_Material provided_

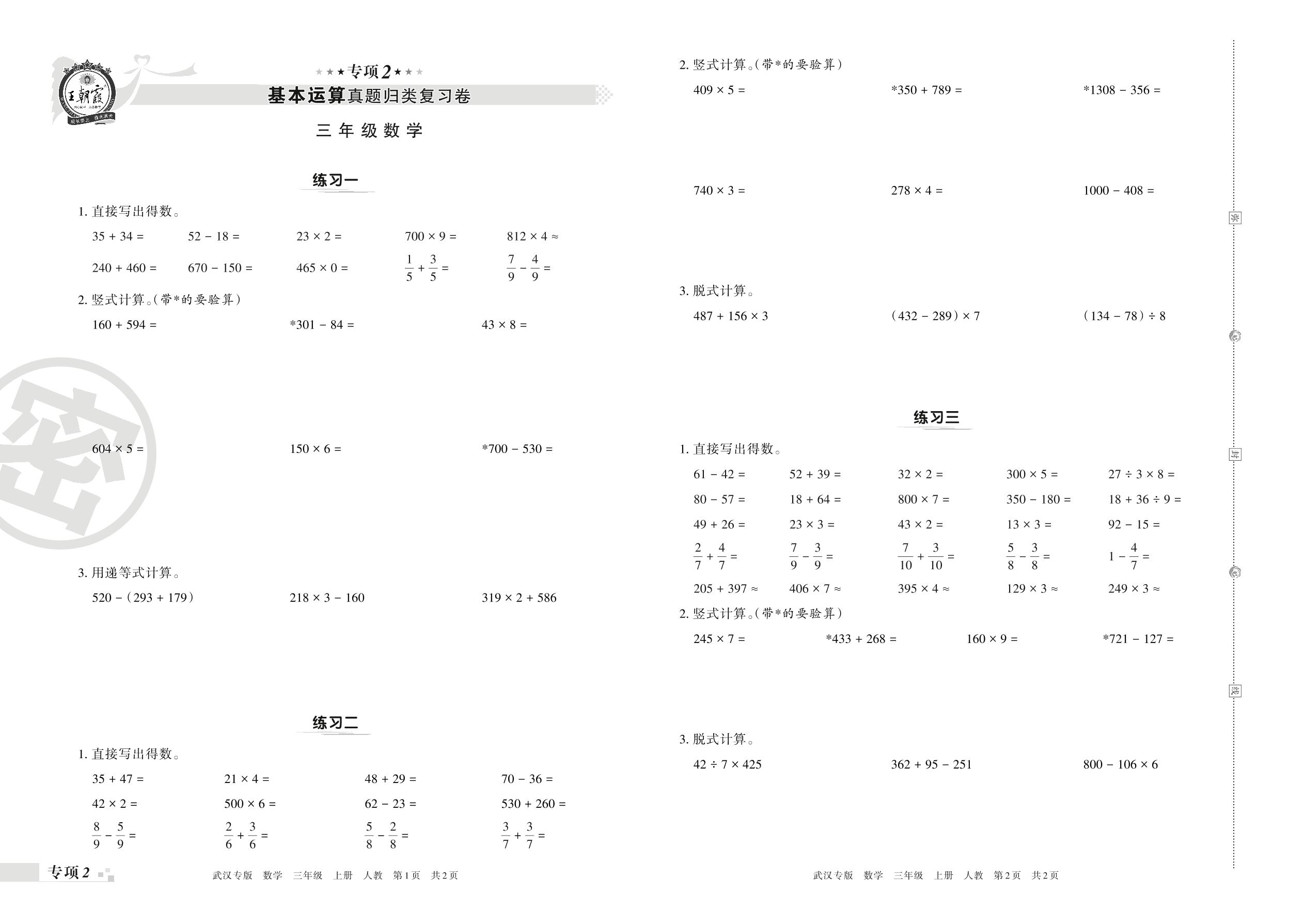 王朝霞期末专项卷——基本运算真题归类复习卷三年级上册数学(人教版)【2】
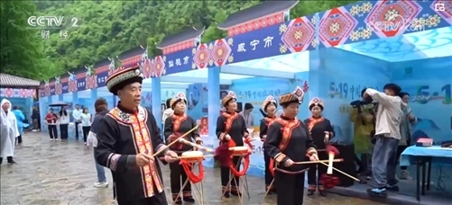 在湖北利川騰龍景區(qū),穿著絢麗多彩的土家族服裝的阿哥阿妹,在億萬年前形成的天然溶洞前翩翩起舞、擊鼓迎賓。
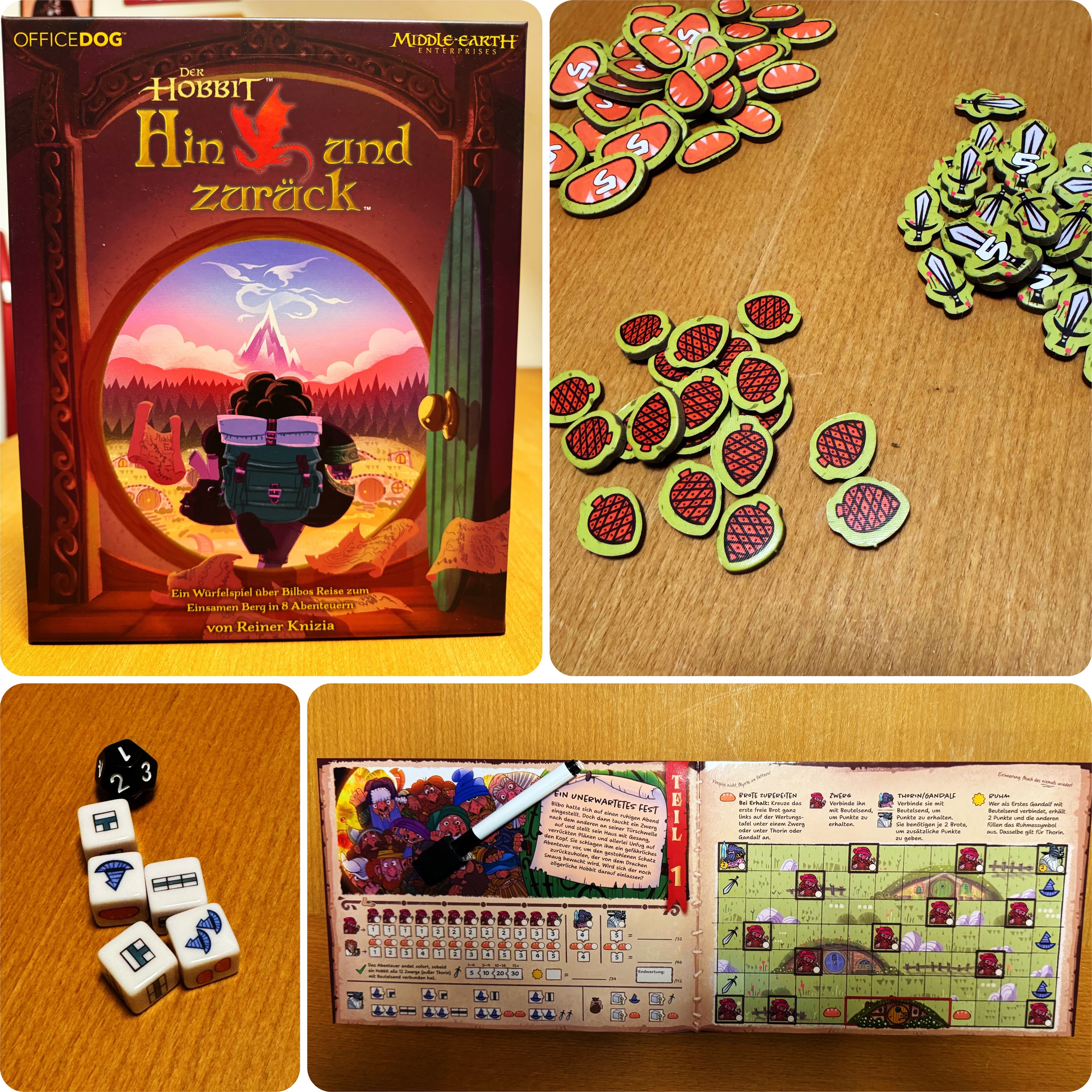Im Würfel- und Ankreuz-Spiel ("Roll & Write") “Der Hobbit: Hin und zurück” spielen wir den Kampf um den Drachen Smaug und den Zwergenschatz in acht Kapiteln nach. Die Kapitel sind in einem schönen pappdicken Abenteuerbuch. Wer dran ist, rollt fünf Würfel und entscheidet sich für einen. Entweder, um auf einer Karte Pfade einzuzeichnen oder um Ressourcen zu sammeln und Effekte auszulösen. Die bringen Punkte. Danach wählen die Mitspieler je einen Würfel aus. Wer das Ziel des Kapitels als erstes erreicht, beendet das Abenteuer und es wird abgerechnet. Spielt sich schön fluffig, kurzweilig und abwechslungsreich von Kapitel zu Kapitel. Sehr gut auch solo spielbar oder - wer es knackiger mag - im Expertenmodus.
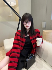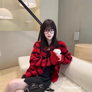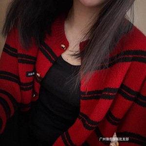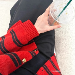 MIU系穿搭圣诞红色条纹针织毛衣开衫女秋冬字母贴布宽松上衣
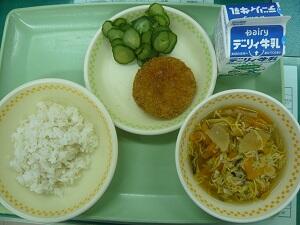 麦ご飯 牛乳 鶏飯 彩り野菜のミンチカツ そえきゅうり
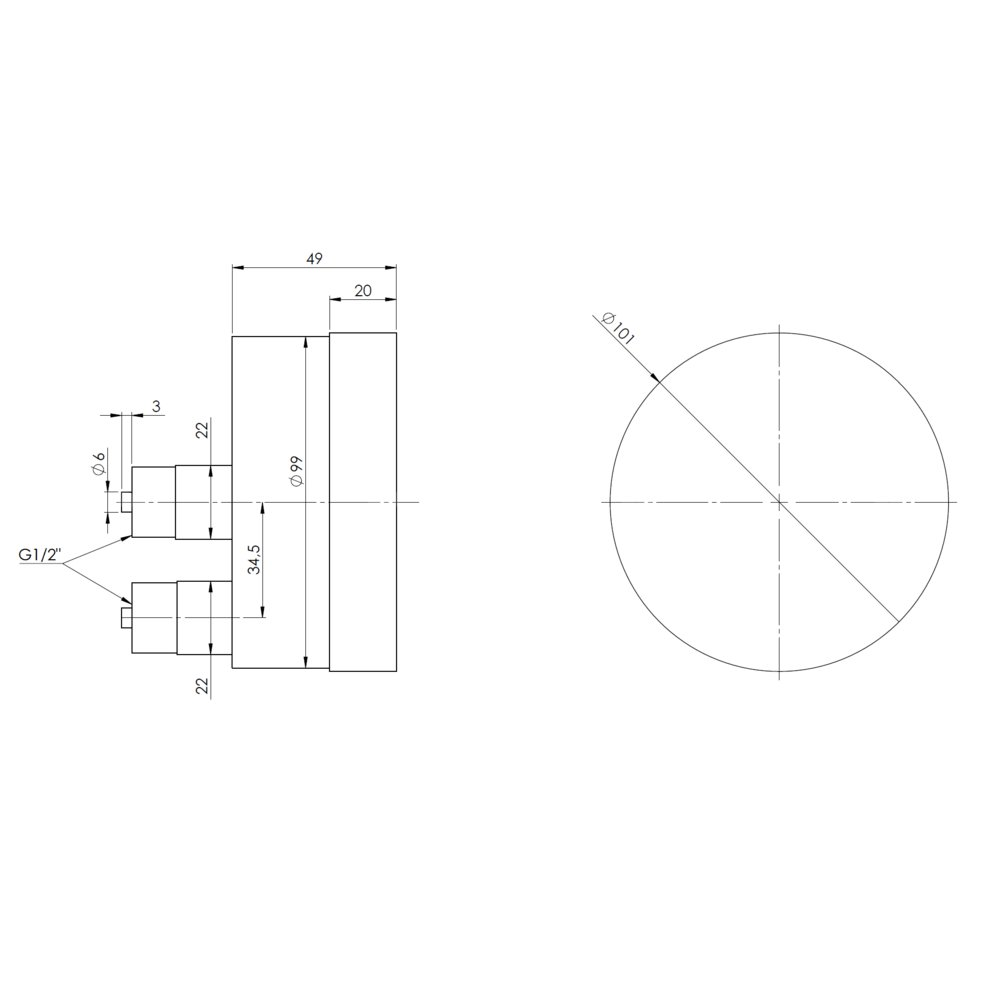 Ciśnieniomierz różnicowy AFRISO KP Dif D411 0/25 mbar mosiądz G1/2B aksjalne fi 100, kl. 1.6%
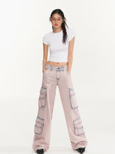 Product Name: Pink Vintage Washed Cargo Jeans
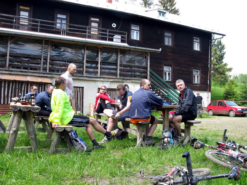 Nechýbalo dokonca ani posedenie na chate pod Čergovom, kde mali medzi horalkami a čipsami na predaj aj duše na bicykel. Samozrejme, zase sme stretli aj motorkárov ako sa preorávali blatom, hlavne v okolí chaty.
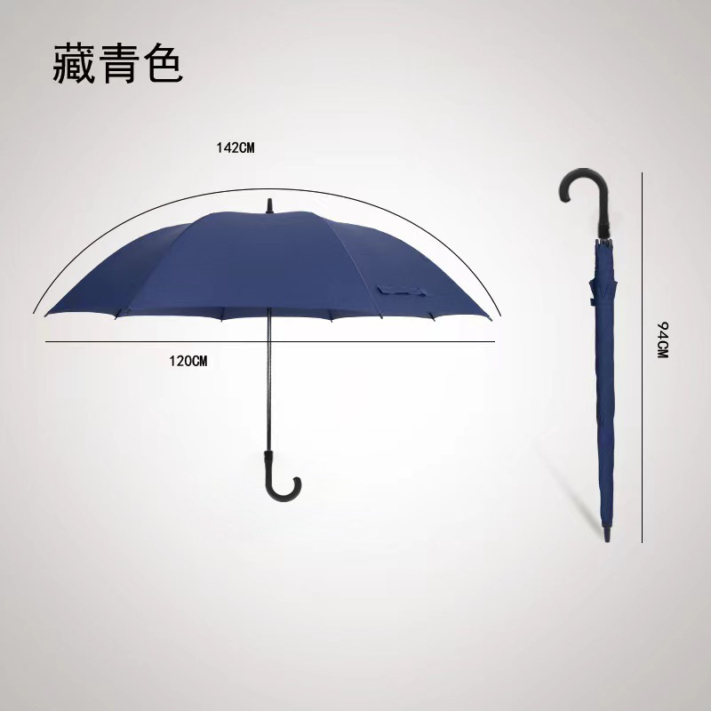 • 24-뼈 초대형 자동 곡선 핸들 비즈니스 우산 네이비 (섬유 거친 우산 뼈)

_Task directions_
Output the line that contains "麦ご飯 牛乳 鶏飯 彩り野菜のミンチカツ そえきゅうり" and every line after it to the end of the records, word for word, leaving out the pictures.

_Solution to this task_
 麦ご飯 牛乳 鶏飯 彩り野菜のミンチカツ そえきゅうり
 Ciśnieniomierz różnicowy AFRISO KP Dif D411 0/25 mbar mosiądz G1/2B aksjalne fi 100, kl. 1.6%
 Product Name: Pink Vintage Washed Cargo Jeans
 Nechýbalo dokonca ani posedenie na chate pod Čergovom, kde mali medzi horalkami a čipsami na predaj aj duše na bicykel. Samozrejme, zase sme stretli aj motorkárov ako sa preorávali blatom, hlavne v okolí chaty.
 • 24-뼈 초대형 자동 곡선 핸들 비즈니스 우산 네이비 (섬유 거친 우산 뼈)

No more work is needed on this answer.